Bien que je l’ai vécu quotidiennement de l’autre côté de la barrière, je ne m’imaginais pas à quel point, en creux, ce mode de distribution est symptomatique d’une société malade. Je n’ai jamais pris les gratuits, je ne peux pas comprendre que l’on puisse imaginer s’informer avec du travail de terrain et des salaires décents, même avec de la pub, voire surtout avec de la pub, dans un papier gratuit. Mais ce n’est pas le pire. Les voyageurs qui entrent ou sortent prennent machinalement les gratuits, voire pour certains, vont les chercher. C’est à désespérer quand on en connaît le contenu…

Et de l’autre côté, ils regardent d’un œil méfiant le journal que je leur tends: un Tchio avec en gros titre « Non à la loi El Khomeri et à son monde ». La plupart ne regardent pas vraiment, ils ne vont pas changer leurs habitudes. Certains font la moue, c’est sûr, dès que ça parle vraiment politique, là, il n’y a plus grand monde. Normal. Le PPA a bien fait son travail : il bourre la tête de leurs clients d’idées économiques et sociales préconçues, politiquement formatées, cachées sous un discours revendiquant la neutralité… Des décennies que ça dure, ce n’est pas un Tchio qui va leur remettre le cerveau à l’endroit d’un seul coup. Quoique.

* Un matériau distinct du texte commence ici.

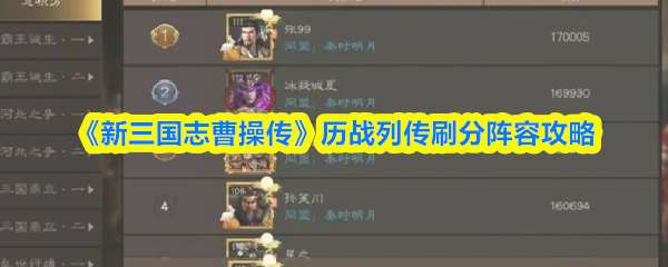 以上就是《新三国志曹操传》历战列传刷分阵容攻略,更多相关攻略,请关注pk游戏网更新!

Même si c’est une personne sur cent qui en prend un, en une heure, soit une soixantaine et que sur ces un pour cent, il n’y en a qu’une dizaine qui ont eu la présence d’esprit de se demander si c’était gratuit ou pas, c’est déjà pas mal. Résultat, je laisse filer, ça couvrira à peine les tickets de métro de la journée. J’irais faire un saut à la Croix Rousse, peut-être là…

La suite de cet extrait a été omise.